Might be worth a shot to try converting to single keys and see if it works better.
Please post back your results or experiences here, as I'm curious about the implications of the composite keys, and don't have a evironment to use Powerpivot at the moment.
Peter Rijs
BI Consultant, The Netherlands
November 4, 2010 at 7:57 am
Thanks for the responses. That's an interesting note regarding numeric keys I was using concatenated text keys. I'll keep that in mind for next time.
I worked around the issue by creating an MDX query that did most of the relational calculations before the data is pulled into the PP table. Unfortunately for Peter that means that I don't have any experience to share. If I do find myself confronting this issue again, I'll try converting to numeric keys and post back.
November 4, 2010 at 8:12 am
"If I recall correctly someone (might hav been Chris Webb) said in a PowerPivot-demo that it was important that your keys are a single, numeric column."
My comment is if that is true the benifit of using PP will be very limited.
I do use "notnumeric keys" and numeric keys without problems
I do think it is a good practise to avoid calculated columns in PP tables and instead use SQL to
create the column. For your information I have also built my own API in VB.net omatically to
be able to automatically update the client version of Excel without the need to use Sharpoint Server.
//Gosta M
November 4, 2010 at 8:29 am
Thanks, Gosta. The PP table in question is coming from an SSAS cube, which I think restricts me to using MDX rather than SQL. That's the route I went, so I did wind up following your advice to move the calculations out of PP tables.

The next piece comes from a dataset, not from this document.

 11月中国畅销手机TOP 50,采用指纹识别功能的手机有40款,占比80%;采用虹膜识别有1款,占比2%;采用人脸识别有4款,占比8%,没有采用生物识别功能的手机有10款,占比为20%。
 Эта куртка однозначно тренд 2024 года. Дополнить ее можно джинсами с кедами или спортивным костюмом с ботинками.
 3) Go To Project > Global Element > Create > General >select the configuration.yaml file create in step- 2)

Regarding Peter's request, I'm recalling now that I still used concatenated text keys in PP when joining MDX data table to SQL data table, and they seem to work fine now that the keys are not being calculated in PP.

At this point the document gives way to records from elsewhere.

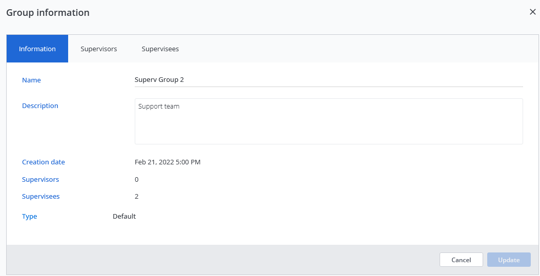 Le operazioni di configurazione dei gruppi di supervisione vengono eseguite dalla finestra di gestione dei gruppi di supervisione dell'azienda: veda: Accesso alla finestra di gestione dei gruppi di supervisione.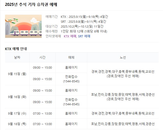 아래는 2025년 추석 연휴 KTX 예매 관련 일정과 팁을 정리한 내용입니다. 추석은 10월 5일(일)–10월 8일(수) 이어지고, 이를 포함해 **10월 2일(목)부터 10월 12일(일)**까지 총 11일간의 황금연휴가 이어집니다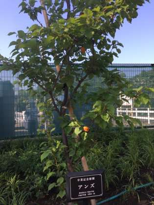 卒業記念植樹のアンズが実を付けています。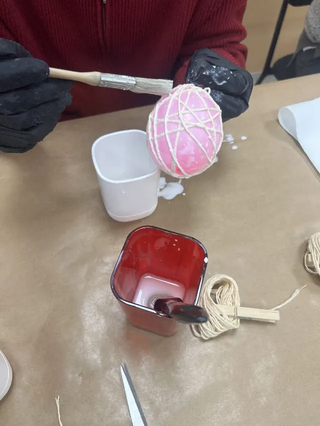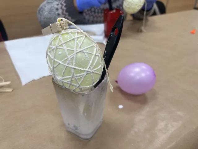 Explota el globo. Luego de que hayan pasado 24 horas comprueba que el hilo está seco y que se ha formado el cuerpo duro de una bola. Explota el globo y quítalo con cuidado de no romper la bola.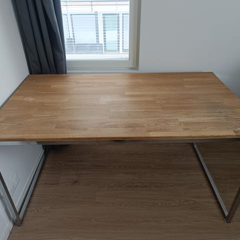 Kuvan mukainen työpöytä. Ikea Alex lipasto toisessa päässä ja toisessa päässä puinen mustaksi maalattu jalka. Kansi 26mm tammesta tehty liimapuulevy. Lipasto ei kiinni kannessa, joten kuljetus onnistuu helpommin. Kannessa muutamia läikkiä, mutta kevyt hionta ja öljy varmaan auttaisi. Muutoin siisti.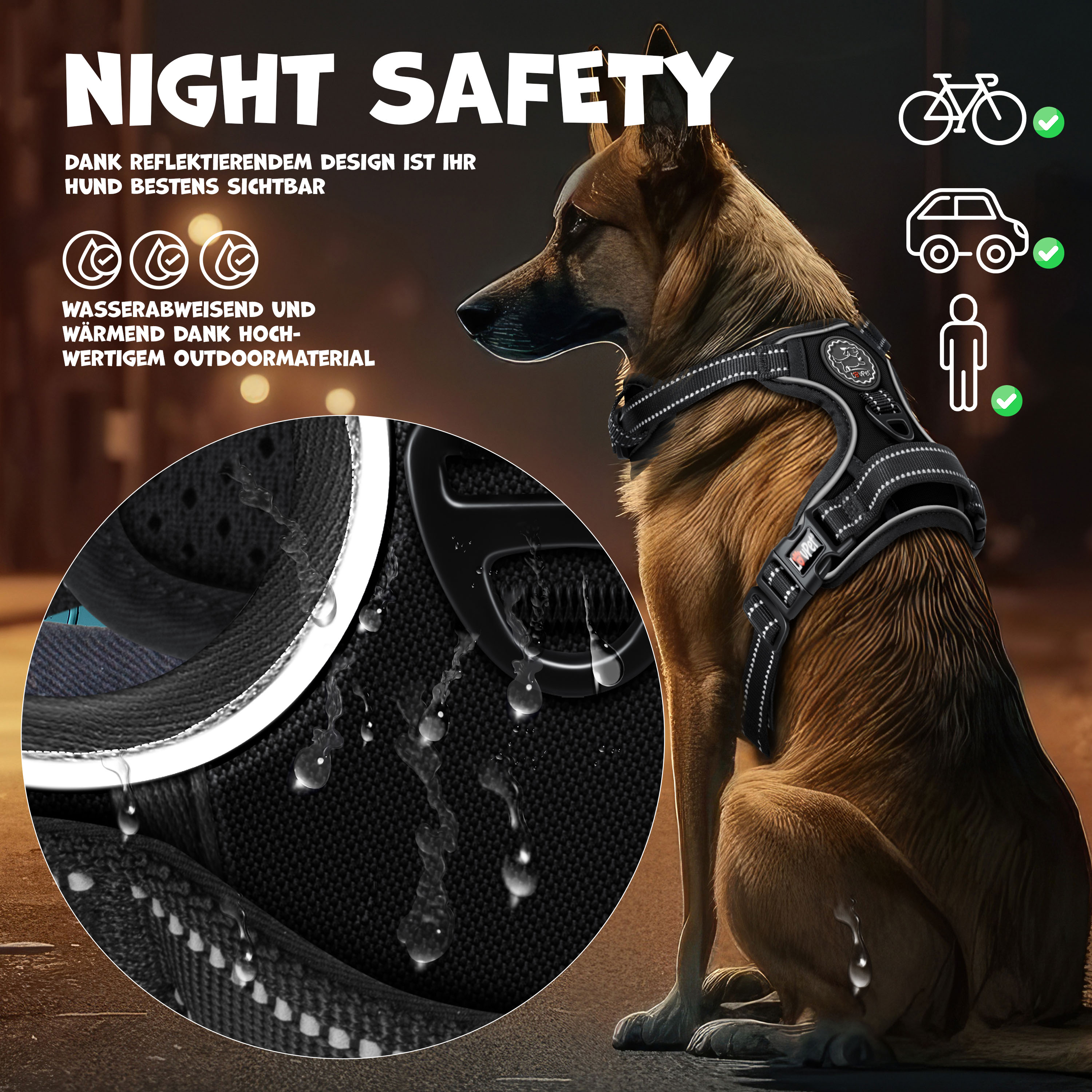 Maximaler Komfort für deinen Vierbeiner! Das OFFCUP Step-In Geschirr in Größe L und blauer Farbe macht das Anziehen zum Kinderspiel - einfach reinsteigen, schnallen, fertig! Aus weichem, atmungsaktivem Mesh-Material gefertigt, das sich angenehm auf dem Fell anfühlt und nicht scheuert. Die reflektierenden Streifen sorgen für beste Sichtbarkeit bei Dunkelheit - sicherheit geht vor! Mit Anti-Zug-Design verteilt sich der Druck gleichmäßig, kein Würgen am Hals. Inklusive 140 cm langer Leine mit Reflektorstreifen. Dreifach gesichert mit robuster Schnalle, Doppel-D-Ring und Sicherungsknopf - da kann nichts passieren! Perfekt für kleine Hunde, Welpen und sogar Katzen. Einfach zu reinigen und schnell trocknend. Ideal für Spaziergänge, Wanderungen oder Reisen. Wichtig: Vor dem Kauf unbedingt Hals- und Brustumfang deines Tieres messen!

November 5, 2010 at 4:33 am
The main advantage with PP is that you don't need to create Olap cubes. But that doesn't remove the
need to create a data warehouse. The ability to import data from different sources is fine but also dangerous as you cannot control the "result" of the combinated data anywhere else but in PP.

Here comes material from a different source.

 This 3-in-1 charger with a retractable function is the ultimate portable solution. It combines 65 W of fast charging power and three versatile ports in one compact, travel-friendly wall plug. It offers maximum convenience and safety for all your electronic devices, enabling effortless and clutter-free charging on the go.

My strategy is therefore to create a data warehouse with raw data and if needed views to "export" data
to PP. Then I can create SQL-querys and compare the result with the result in PP (in the run).
I reality the problems are seldom of "technical" nature but bad data quality.
PP is a greate step by Microsoft but MS has not looked carefully enough (or they will) on competitors
like Qlikview.
//Gosta M
November 5, 2010 at 7:37 am
A good strategy, provided the people using PP understand the warehouse data thoroughly. I'm analyzing data from our financial cube, which has our "single version of the truth" numbers, so I'm restricted to the cube data for this exercise.
I also agree with your comments on QlikView - it's great when I want a rich graphic environment for ad hoc analysis. The personal edition is free, and it plays very well with SQL data warehouses. I still use it for non-cube analysis.
August 5, 2011 at 4:15 pm
Would you mind to share your vb coding experience to refresh pp data w/o sharepoint? thanks.
August 8, 2011 at 2:08 pm
I was manually refreshing PP in Excel - no VB.
August 8, 2011 at 2:10 pm
George - Thanks for your reply.
February 16, 2016 at 1:36 pm
Follow up: This issue was eliminated in later versions of PowerPivot. I'm calling it a bug.